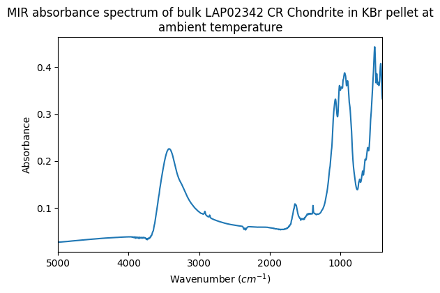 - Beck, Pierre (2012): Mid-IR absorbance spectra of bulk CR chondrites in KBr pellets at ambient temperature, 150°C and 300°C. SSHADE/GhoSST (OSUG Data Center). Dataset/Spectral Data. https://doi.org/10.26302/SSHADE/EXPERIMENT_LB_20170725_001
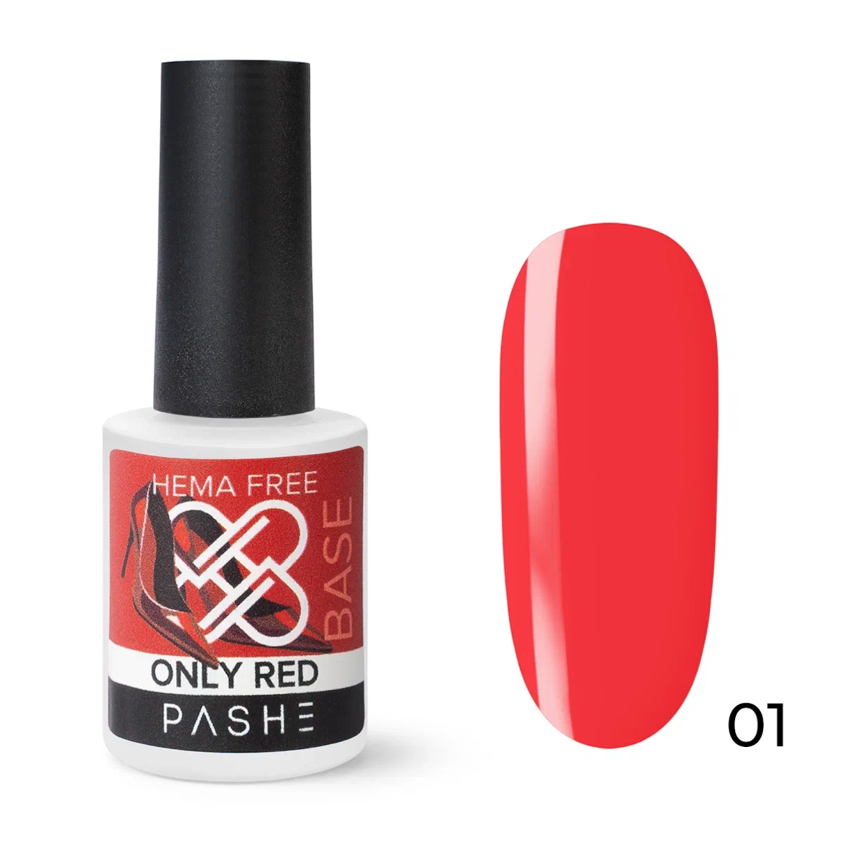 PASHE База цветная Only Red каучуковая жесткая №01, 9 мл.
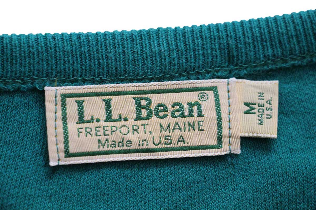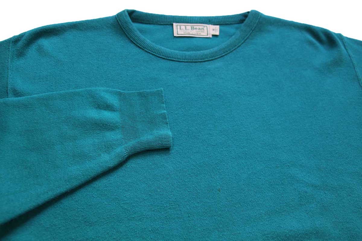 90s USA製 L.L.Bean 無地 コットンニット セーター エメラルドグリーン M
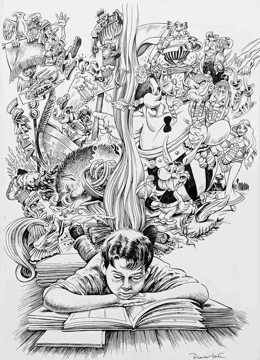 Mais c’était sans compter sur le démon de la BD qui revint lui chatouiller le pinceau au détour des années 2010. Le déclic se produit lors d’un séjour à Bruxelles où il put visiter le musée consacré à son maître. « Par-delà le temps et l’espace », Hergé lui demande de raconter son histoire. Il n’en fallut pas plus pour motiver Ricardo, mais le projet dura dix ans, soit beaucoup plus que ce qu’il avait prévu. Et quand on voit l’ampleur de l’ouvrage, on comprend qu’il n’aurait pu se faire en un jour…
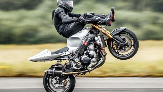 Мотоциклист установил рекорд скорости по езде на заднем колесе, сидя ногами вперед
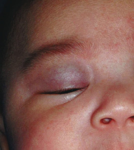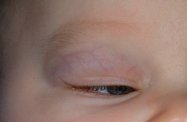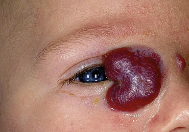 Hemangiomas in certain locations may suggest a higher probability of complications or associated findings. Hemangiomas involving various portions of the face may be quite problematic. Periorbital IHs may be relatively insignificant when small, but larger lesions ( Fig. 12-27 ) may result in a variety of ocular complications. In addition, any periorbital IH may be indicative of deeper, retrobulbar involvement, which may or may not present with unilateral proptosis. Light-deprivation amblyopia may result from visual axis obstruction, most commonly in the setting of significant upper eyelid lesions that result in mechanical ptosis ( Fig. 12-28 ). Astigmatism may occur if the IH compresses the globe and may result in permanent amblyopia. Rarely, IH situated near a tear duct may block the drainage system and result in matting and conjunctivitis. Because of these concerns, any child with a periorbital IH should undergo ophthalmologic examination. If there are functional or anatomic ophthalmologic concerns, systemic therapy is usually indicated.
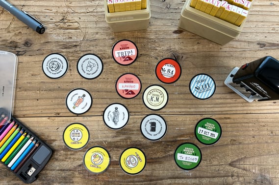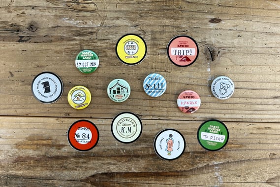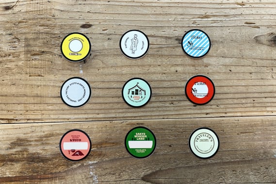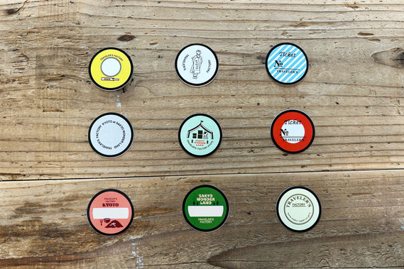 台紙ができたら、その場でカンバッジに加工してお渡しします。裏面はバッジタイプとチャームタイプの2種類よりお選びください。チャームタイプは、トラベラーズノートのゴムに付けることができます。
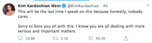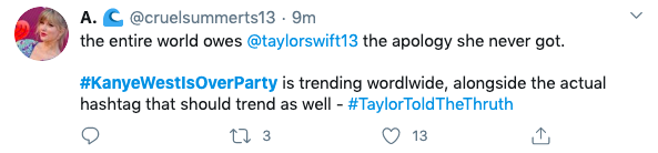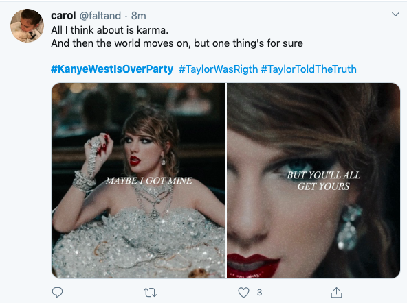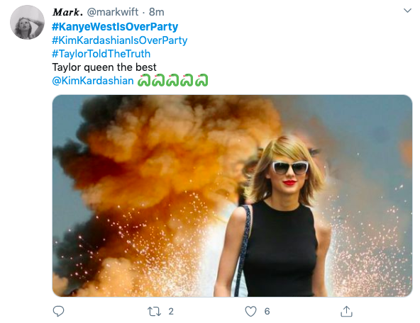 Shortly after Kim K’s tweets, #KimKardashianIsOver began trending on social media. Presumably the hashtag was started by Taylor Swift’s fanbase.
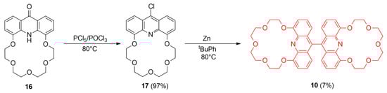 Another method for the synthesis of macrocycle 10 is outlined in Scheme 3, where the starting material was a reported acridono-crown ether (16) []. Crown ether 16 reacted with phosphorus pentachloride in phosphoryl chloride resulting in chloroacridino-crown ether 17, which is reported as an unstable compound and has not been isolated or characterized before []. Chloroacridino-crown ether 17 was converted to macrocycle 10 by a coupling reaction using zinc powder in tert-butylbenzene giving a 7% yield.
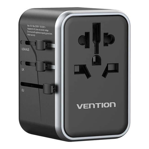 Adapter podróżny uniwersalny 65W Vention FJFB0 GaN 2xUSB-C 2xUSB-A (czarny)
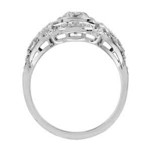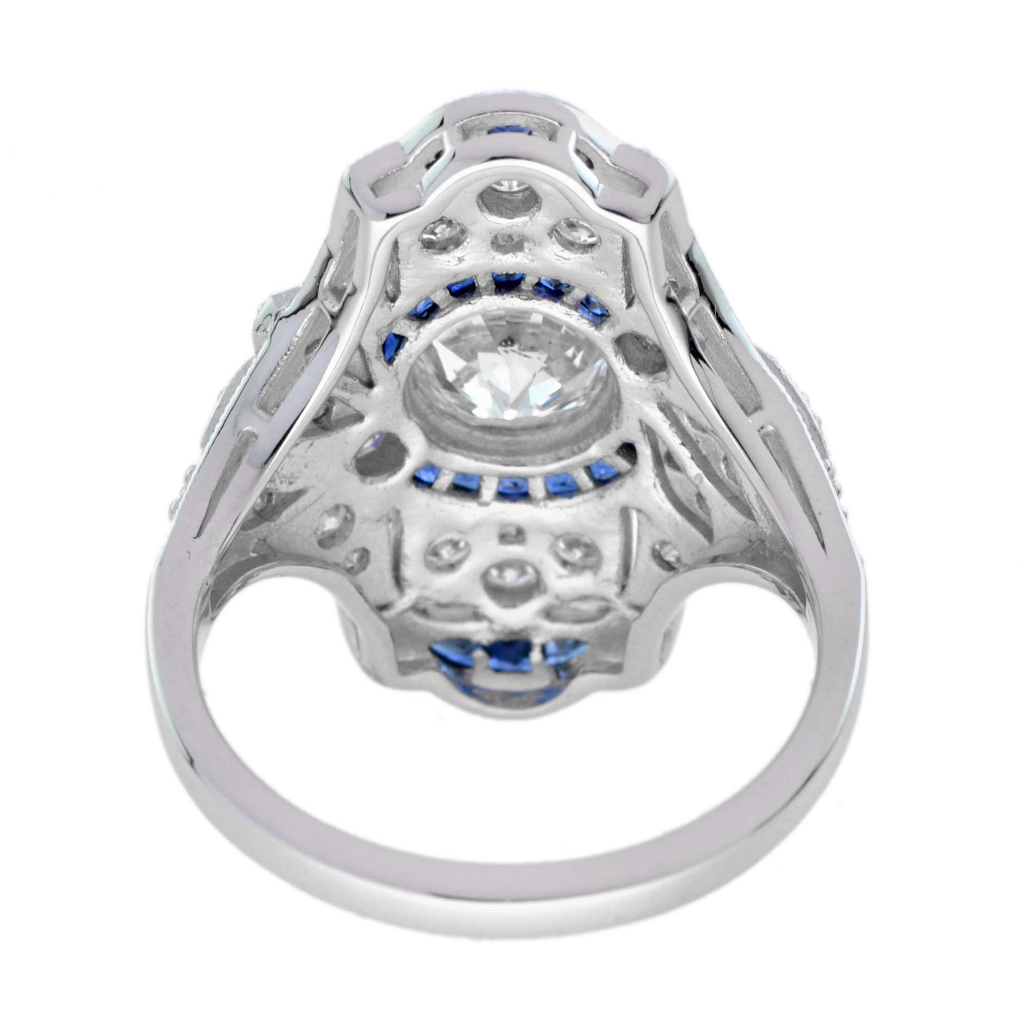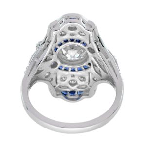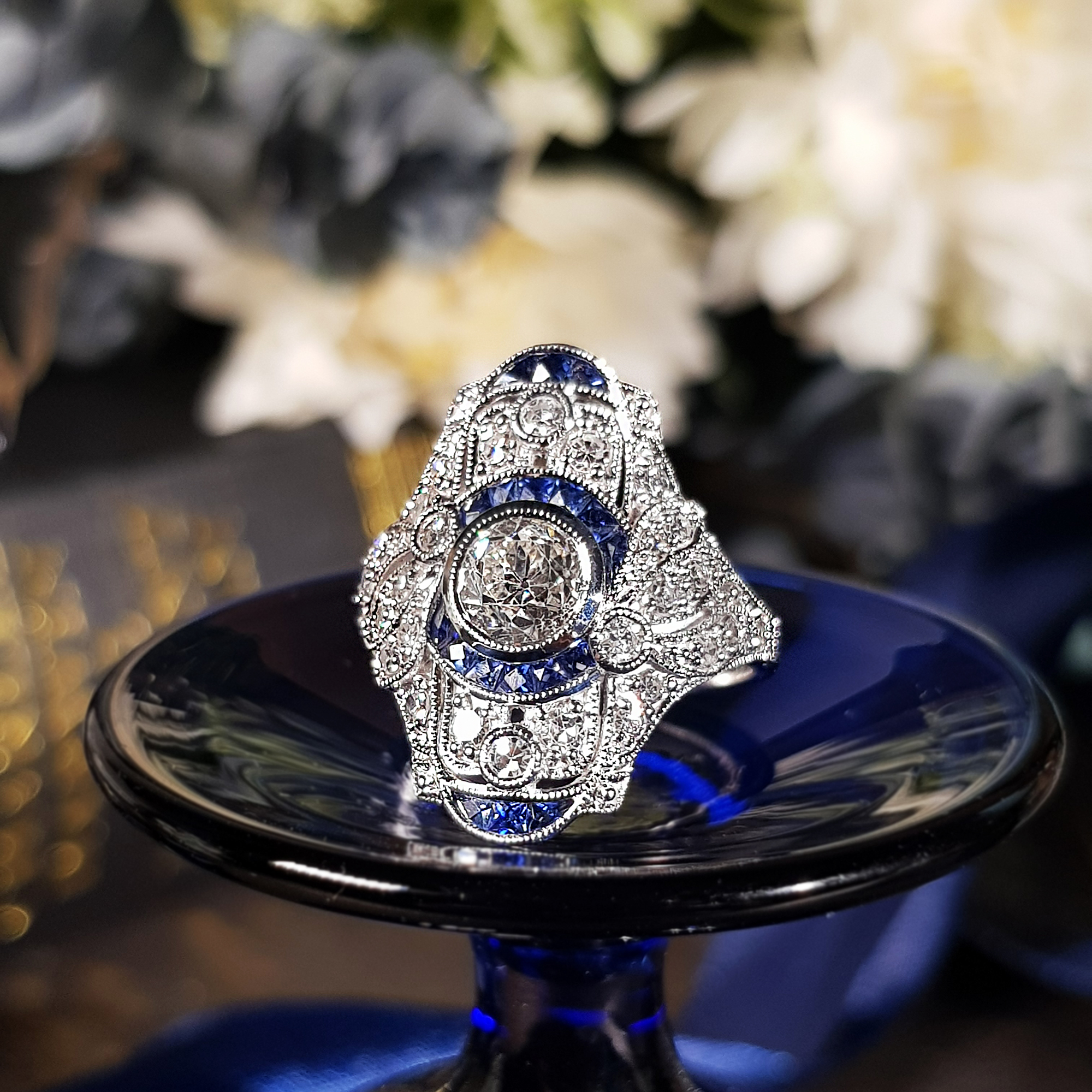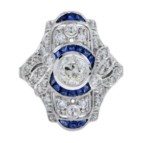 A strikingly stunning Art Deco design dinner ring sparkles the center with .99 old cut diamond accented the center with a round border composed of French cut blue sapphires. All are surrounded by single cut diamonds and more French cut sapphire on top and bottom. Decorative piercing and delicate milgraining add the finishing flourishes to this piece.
==
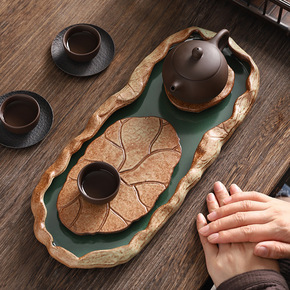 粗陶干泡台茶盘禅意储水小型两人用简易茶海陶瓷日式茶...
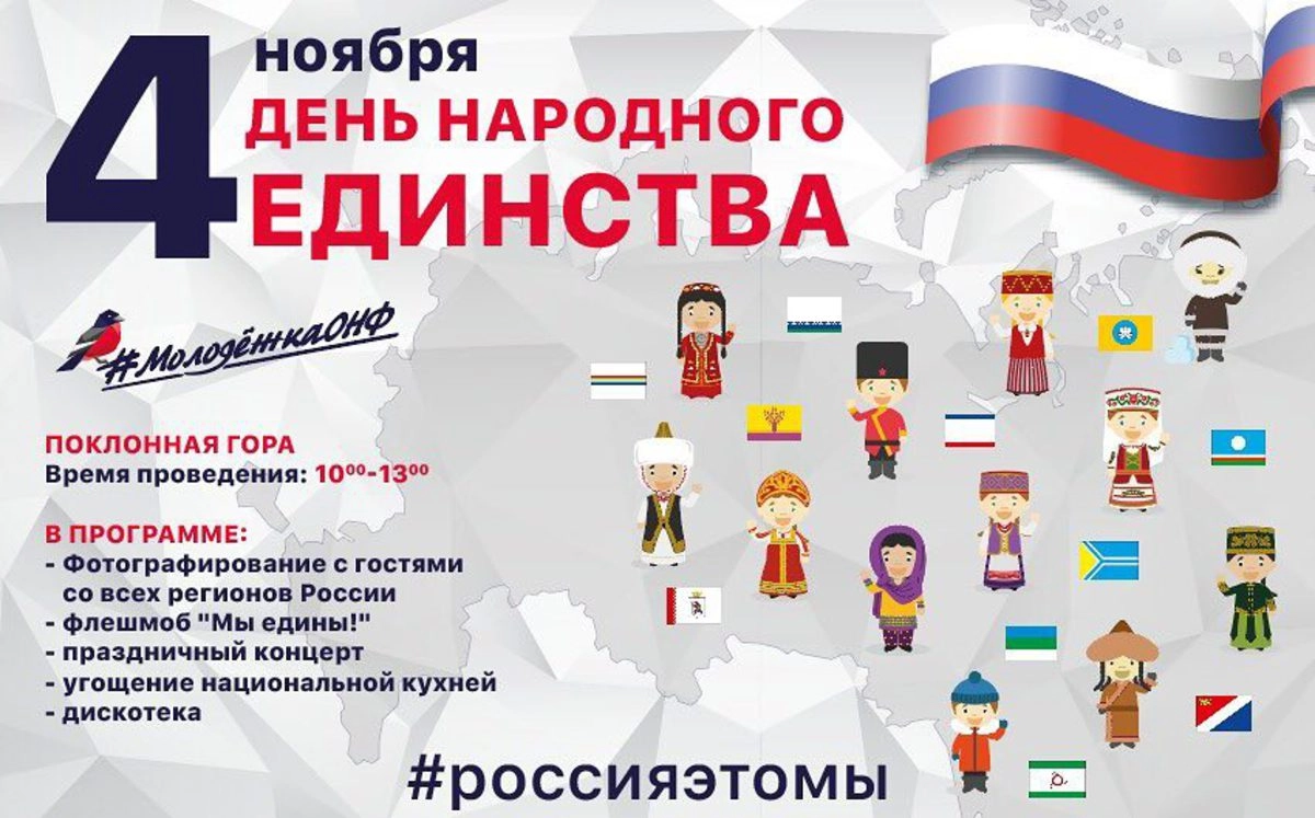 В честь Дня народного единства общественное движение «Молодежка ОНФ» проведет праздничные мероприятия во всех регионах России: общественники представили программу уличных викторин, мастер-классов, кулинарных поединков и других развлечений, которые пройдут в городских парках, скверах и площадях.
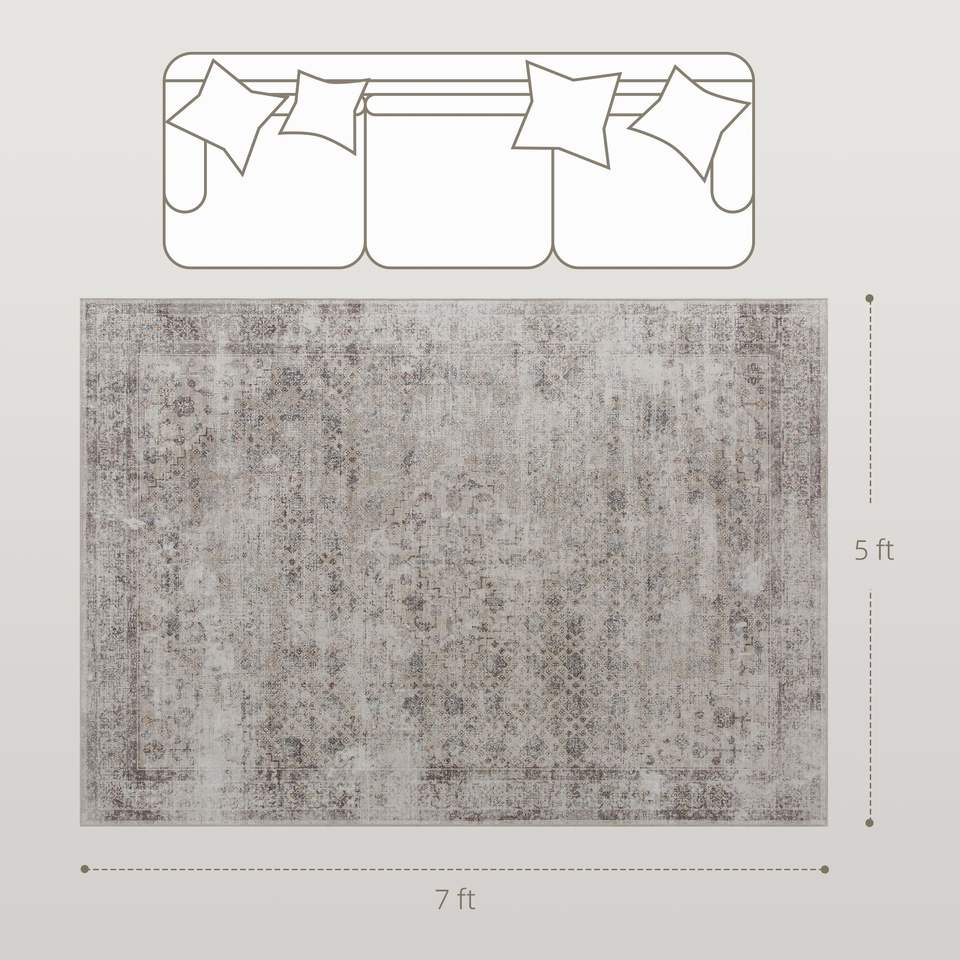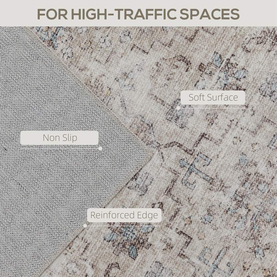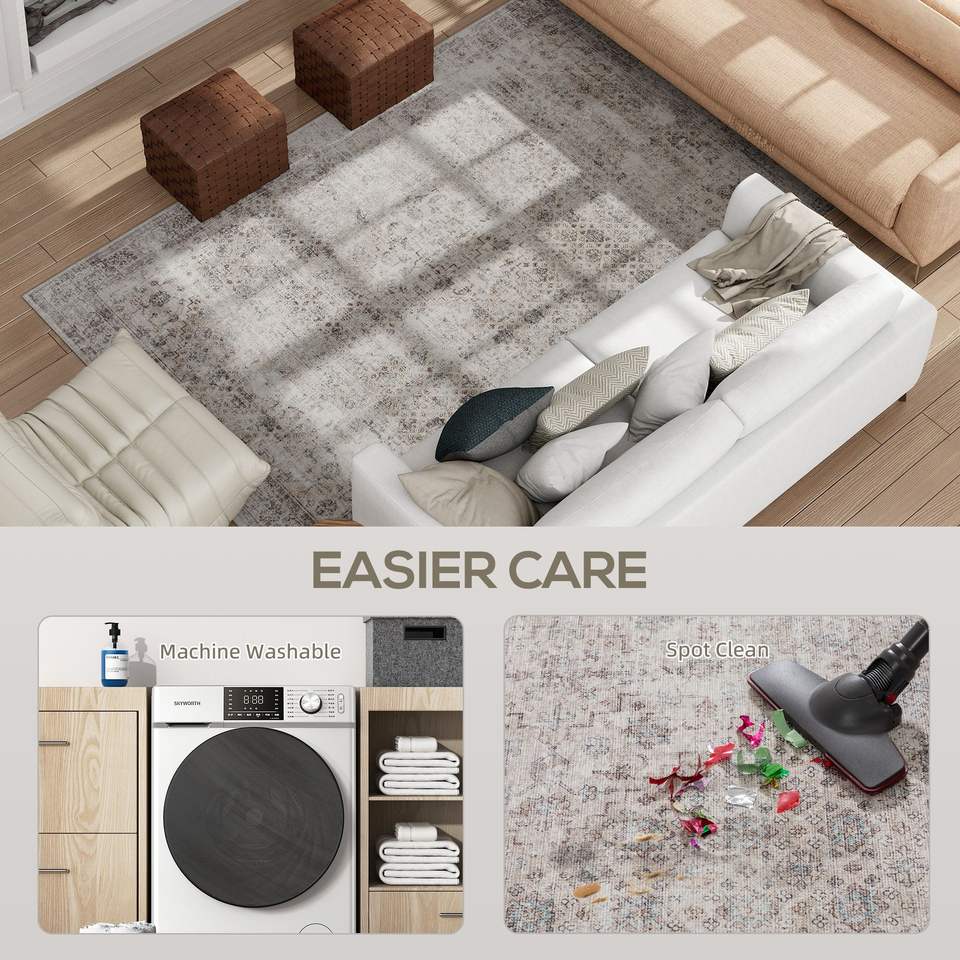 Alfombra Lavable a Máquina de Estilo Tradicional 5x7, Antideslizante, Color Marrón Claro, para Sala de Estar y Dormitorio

**WHAT YOU NEED TO DO**
What you return must match, character for character, the lines above from the one with "- Beck, Pierre" through the one with "90s USA製 L.L.Bean", minus any pictures.

**RESULT OF THE EXERCISE**
 - Beck, Pierre (2012): Mid-IR absorbance spectra of bulk CR chondrites in KBr pellets at ambient temperature, 150°C and 300°C. SSHADE/GhoSST (OSUG Data Center). Dataset/Spectral Data. https://doi.org/10.26302/SSHADE/EXPERIMENT_LB_20170725_001
 PASHE База цветная Only Red каучуковая жесткая №01, 9 мл.
 90s USA製 L.L.Bean 無地 コットンニット セーター エメラルドグリーン M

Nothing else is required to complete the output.